A tale interpretazione della crisi si era opposto J.M.Keynes che invece
imputava la crisi a ragioni diametralmente opposte, ovvero il livello troppo
basso dei salari, che, impedendo un adeguato livello di consumo, impediva
che la domanda aggregata fosse tale da consentire la vendita dei prodotti
delle imprese e favorire la realizzazione di profitti. Il consumo, infatti,
secondo Keynes, rappresentava (e rappresenta tuttora) la componente
principale della domanda: inoltre i salari sono la fonte di reddito per la
maggior parte delle famiglie meno ricche, che hanno perciò una propensione
marginale al consumo più elevato (ovvero spendono quasi tutto il reddito
percepito in misura relativamente superiore alle famiglie più ricche1). Ne
consegue, secondo Keynes, che un aumento dei salari ha un effetto
moltiplicatore della domanda molto più elevato e ciò favorisce, appunto, la
vendita dei prodotti ed evita situazione di sovrapproduzione. Inoltre, nel
caso di una domanda insufficiente, è sempre possibile un intervento della
domanda pubblica, in grado di aumentare l’occupazione.

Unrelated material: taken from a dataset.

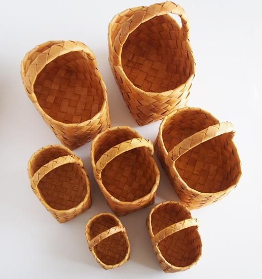 フィンランドから届いた白樺の樹皮を使って編んだハンドルバスケットです。

L’interpretazione della crisi degli anni ’30 fornita da Keynes si è poi rivelata
corretta. E’ infatti con il New Deal di Roosevelt e il programma di opere
pubbliche (pensiamo ad esempio al Golden Gate Bridge sulla baia di San
Francisco) che gli Stati Uniti cominciano a uscire dalla depressione. Sarà
poi la II guerra Mondiale a stimolare ulteriormente la domanda pubblica e la
domanda aggregata e a imbastire le politiche pubbliche europee a sostegno
del welfare come motore della crescita occupazionale e del Pil.
La crisi degli anni Settanta ha invece origine assai diverse e una differente
natura. Se la crisi degli anni ’30 poteva essere considerata una crisi di
crescita del nuovo modello di accumulazione che oggi chiamiamo Fordista
che si fondava sull’automazione di fabbrica, la standardizzazione della
produzione e il consumo di massa, la crisi degli anni Settanta può essere
letta come la crisi del paradigma fordista. E quindi crisi di saturazione e
non crisi di crescita.
1
Ciò non significa, ovviamente, che le famigliepiù povere consumano in termini assoluti
più delle famiglie ricche ma solo che risparmiano di meno.